In Zeiten von Corona ist es nicht einfach, problemlos einen Ausbildungsplatz zu finden. Schon im vergangenen Jahr schlossen nur 465 200 junge Leute in Deutschland einen neuen Ausbildungsvertrag ab, so das Statistische Bundesamt – 9,4 Prozent weniger als im Jahr zuvor. Nach Ansicht des Instituts für Arbeitsmarkt und Berufsforschung (IAB) könnte sich die Situation 2021 noch verschlimmern.

Sowohl Bächle als auch Schumacher büffeln derzeit noch an der Herbert-Binkert-Schule, der Gemeinschaftsschule Saarbrücken-Güdingen, den Stoff, den sie für einen möglichst guten Schulabschluss beherrschen müssen. Dort und an zehn anderen Schulen im Saarland werden diejenigen, die demnächst vom Schul- ins Berufsleben wechseln, von Frauen und Männern betreut, die ihre Arbeitsjahre schon hinter sich haben. Sie sind Rentner oder Pensionäre und wollen ihr Wissen, wie es im Beruf so läuft, an junge Leute weitergeben. Organisiert sind sie im Senior-Experten-Service (SES), einem Netzwerk, das sich zum Ziel gesetzt hat, die Kompetenz zahlreicher rüstiger Rentner weltweit sinnvoll einzusetzen.

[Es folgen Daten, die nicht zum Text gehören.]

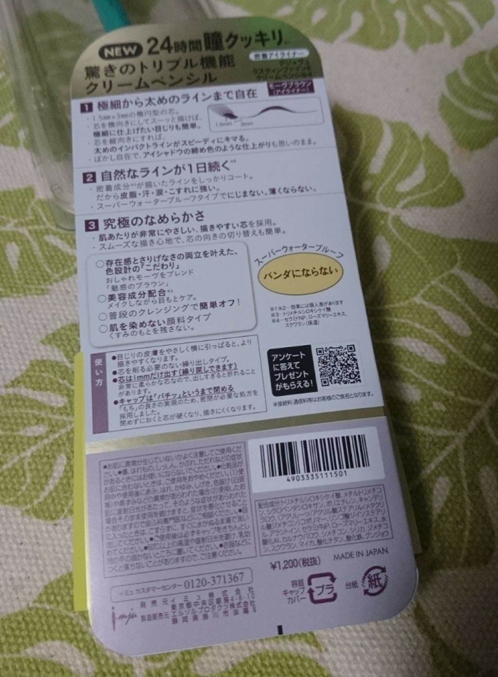 究極なめらかな描き心地 肌あたりが非常にやさしく なめらかに描ける細かい部分もストレスなく描ける 自然なラインが1日続く 密着成分が描いたラインをしっかりコート 皮脂・汗・涙・こすれに強く とにかくスルスル描けて落ちにくいのがお気に入りポイントです🙋♀️❤️
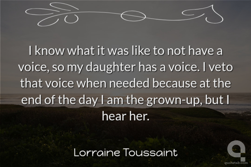 I know what it was like to not have a voice, so my daughter has a voice. I veto that voice when needed because at the end of the day I am the grown-up, but I hear her. Lorraine Toussaint

Das SES-Schulprogramm leitet Dietrich Garlichs von Bonn aus. Er organisiert die ehrenamtlichen Helfer, „die den jungen Menschen den Start ins Berufsleben erleichtern sollen“. An der Herbert-Binkert-Schule ist das Birgit Steiner. Seit drei Jahren hält sie dort regelmäßig Sprechstunden ab, die vorher in den Klassen ab der Stufe 8 angekündigt werden. „Zunächst frage ich die jungen Leute, welche Berufsbilder ihnen vorschweben, welche Neigungen und woran sie Freude haben“, erzählt Steiner. „Danach rücken Wunsch und Wirklichkeit schon näher aneinander.“ So habe ein junger Portugiese unbedingt Hufschmied werden wollen, weil dies in seiner portugiesischen Heimatregion ein angesehener Beruf sei und er gerne Tiere versorgen wolle. Am Ende einigten sie sich auf eine Ausbildung auf einem Bauernhof. Auch die künftige Pflegefachfrau Liliana Bächle hat Steiner beraten. „Wir stellten gemeinsam die Bewerbungsmappe zusammen und bereiteten uns auf das Einstellungsgespräch vor“. Zu ihrer Tätigkeit gehört auch der eine oder andere Anruf in einen Ausbildungsbetrieb, „um auszuloten, was geht und wo Bedarf besteht“.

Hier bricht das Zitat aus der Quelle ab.